*** Opening Records for the task ***

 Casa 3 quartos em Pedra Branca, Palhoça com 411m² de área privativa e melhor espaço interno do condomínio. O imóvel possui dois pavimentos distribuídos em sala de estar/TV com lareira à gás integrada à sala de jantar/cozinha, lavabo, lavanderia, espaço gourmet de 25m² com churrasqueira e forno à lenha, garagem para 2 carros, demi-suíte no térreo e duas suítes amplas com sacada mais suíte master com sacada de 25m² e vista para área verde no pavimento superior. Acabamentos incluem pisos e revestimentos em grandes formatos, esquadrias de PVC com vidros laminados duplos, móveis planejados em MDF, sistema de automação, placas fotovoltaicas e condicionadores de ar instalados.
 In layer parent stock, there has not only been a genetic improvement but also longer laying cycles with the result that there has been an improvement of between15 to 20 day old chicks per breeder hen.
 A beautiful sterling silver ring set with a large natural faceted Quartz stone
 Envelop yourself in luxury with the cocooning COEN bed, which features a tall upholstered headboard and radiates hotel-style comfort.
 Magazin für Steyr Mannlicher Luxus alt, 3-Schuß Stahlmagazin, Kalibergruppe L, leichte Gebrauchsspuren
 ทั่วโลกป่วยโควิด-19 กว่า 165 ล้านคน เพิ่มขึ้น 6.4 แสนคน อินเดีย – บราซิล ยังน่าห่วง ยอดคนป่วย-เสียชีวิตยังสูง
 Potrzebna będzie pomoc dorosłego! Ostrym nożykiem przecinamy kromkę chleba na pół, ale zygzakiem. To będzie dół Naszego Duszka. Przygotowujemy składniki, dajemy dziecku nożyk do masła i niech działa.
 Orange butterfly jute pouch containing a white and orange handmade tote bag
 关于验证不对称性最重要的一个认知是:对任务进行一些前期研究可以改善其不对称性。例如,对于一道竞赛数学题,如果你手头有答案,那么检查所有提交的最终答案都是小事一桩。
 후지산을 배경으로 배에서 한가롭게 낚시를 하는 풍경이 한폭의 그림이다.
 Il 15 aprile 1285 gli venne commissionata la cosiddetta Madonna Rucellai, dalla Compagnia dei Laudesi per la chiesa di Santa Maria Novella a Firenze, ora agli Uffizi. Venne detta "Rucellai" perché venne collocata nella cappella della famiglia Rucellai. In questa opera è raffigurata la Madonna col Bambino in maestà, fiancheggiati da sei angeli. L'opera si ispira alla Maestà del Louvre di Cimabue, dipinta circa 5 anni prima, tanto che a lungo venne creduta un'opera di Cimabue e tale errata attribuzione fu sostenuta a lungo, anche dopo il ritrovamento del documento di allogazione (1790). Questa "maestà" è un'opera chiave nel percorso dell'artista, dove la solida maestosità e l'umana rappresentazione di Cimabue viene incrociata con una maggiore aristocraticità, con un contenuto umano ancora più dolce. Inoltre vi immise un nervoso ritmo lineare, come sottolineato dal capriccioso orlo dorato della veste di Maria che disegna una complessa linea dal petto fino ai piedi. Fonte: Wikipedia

*** Closing Records for the task ***

■ Task to carry out ■
If a line in the data above contains "with", return that line.

■ Answer section ■
 In layer parent stock, there has not only been a genetic improvement but also longer laying cycles with the result that there has been an improvement of between15 to 20 day old chicks per breeder hen.
 A beautiful sterling silver ring set with a large natural faceted Quartz stone
 Envelop yourself in luxury with the cocooning COEN bed, which features a tall upholstered headboard and radiates hotel-style comfort.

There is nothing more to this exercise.